Although mounting evidence from diagnostic tests indicated miR-106 as a promising GC marker, difficulty still remains for its application to clinical practice. There are several points we can do to optimize the miR-106 assay. Firstly, an appropriate standard cut-off value, consistent detection and normalization methods for miR-106 expression are required. Secondly, it was revealed from our results that plasma miR-106 may be a more powerful marker for detecting GC compared with serum miR-106. So plasma could be selected as the suitable sample source for further detection. Thirdly, as indicated in our study, sample size influenced the sensitivity and specificity. Larger sample size exhibited higher diagnostic accuracy. Thus, further large-scale prospective studies are warranted to develop integrative diagnostic models with more appropriate and better prediction capacity. Fourthly, although miR-106a and miR-106b are members of different paralogous clusters and located on different chromosomes, there has been some evidence in the literature, that both these two microRNAs can co-expressed in gastric tumor tissues. Based on our results, both miR-106a and miR-106b could be evaluated in diagnostic samples for diagnostic purposes of gastric cancer. In addition, combination biomarkers, which are combinations of several markers, have been shown to improve the prediction accuracy compared with single biomarker. According to our findings, single miR-106 was significant but not strong enough to undertake early diagnosis, while miR-106-related combination markers improved the diagnostic accuracy. The combination of miR-106 and other microRNAs may be the right way to solve the limited accuracy. Moreover, it has been reported that combination of protein-biomarkers and microRNAs may be an effective way to improve the diagnostic accuracy [42]. So more attempts are required for evaluating the combination biomarkers in the further study.
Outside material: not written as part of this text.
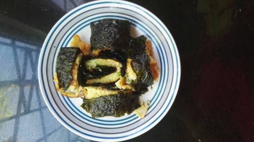 海苔卷蛋饼,第一次做看着凑活,不过味道相当不错,看我家儿子的吃相就知道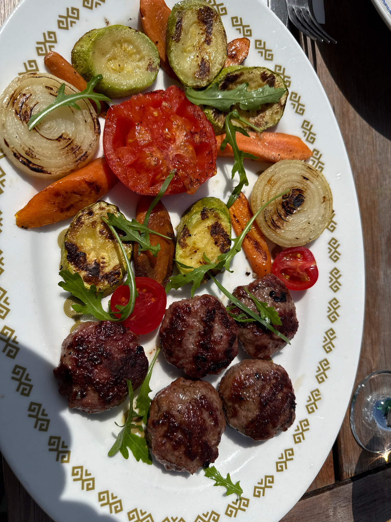A plate of food sits on a wooden surface. The plate contains grilled vegetables and meat. The vegetables include zucchini, tomato slices, carrot sticks, and onions. The meat appears to be small, round…read more

Our study had several important strengths. First, we carried out a relatively thorough systematic search and applied a comprehensive analytic approach to investigate the diagnostic power of miR-106 in patients with GC. Next, we evaluated the diagnostic value of miR-106-related combination markers in GC for the first time. It was suggested that the combination of miR-106 with other microRNAs improved the diagnostic accuracy, which may provide a novel potential tool for progress in a clinical context. Moreover, we performed integrative and comprehensive bioinformatics analysis to explore the function of miR-106 at the systems biology level, explaining the reason why miR-106 could be used in the diagnosis of GC. However, the power of our study was limited by a few factors. Firstly, most studies in the diagnostic tests enrolled healthy participants as controls and were not blind in design, which limits the diagnostic performance. Secondly, some key information including stage of cancer, sex proportions and age distributions was not known, so further analysis could not be carried out. Thirdly, there were no studies investigating the non-Asian population, which may cause potential heterogeneity from ethnicity. Fourthly, the sources of sample were inconsistent including plasma (n = 5), serum (n = 5), gastric juice (n = 1) and tissue (n = 1). Accordingly, subgroup analysis by specimen could not be performed for the limited individual sample size. In addition, the number of studies and sample sizes enrolled in the analysis for miR-106-related combination markers are limited, which make it difficult for us to conduct further investigations. As the miR-106 combination markers are all different in all six studies, it still remains an open question which should be combined with miR-106 for improving the diagnostic power.

Conclusion

Taken together, in this study, it is concluded that miR-106 is a useful biomarker for GC detection. Prospectively, combining miR-106 and other microRNAs may be considered as more powerful diagnostic tools for clinical application than individual miR-106. Integrative and comprehensive bioinformatics analysis was performed to explore the function of miR-106 at the systems biology level. Nonetheless, further large-scale prospective studies are needed to create integrative diagnostic models with more pronounced accuracy.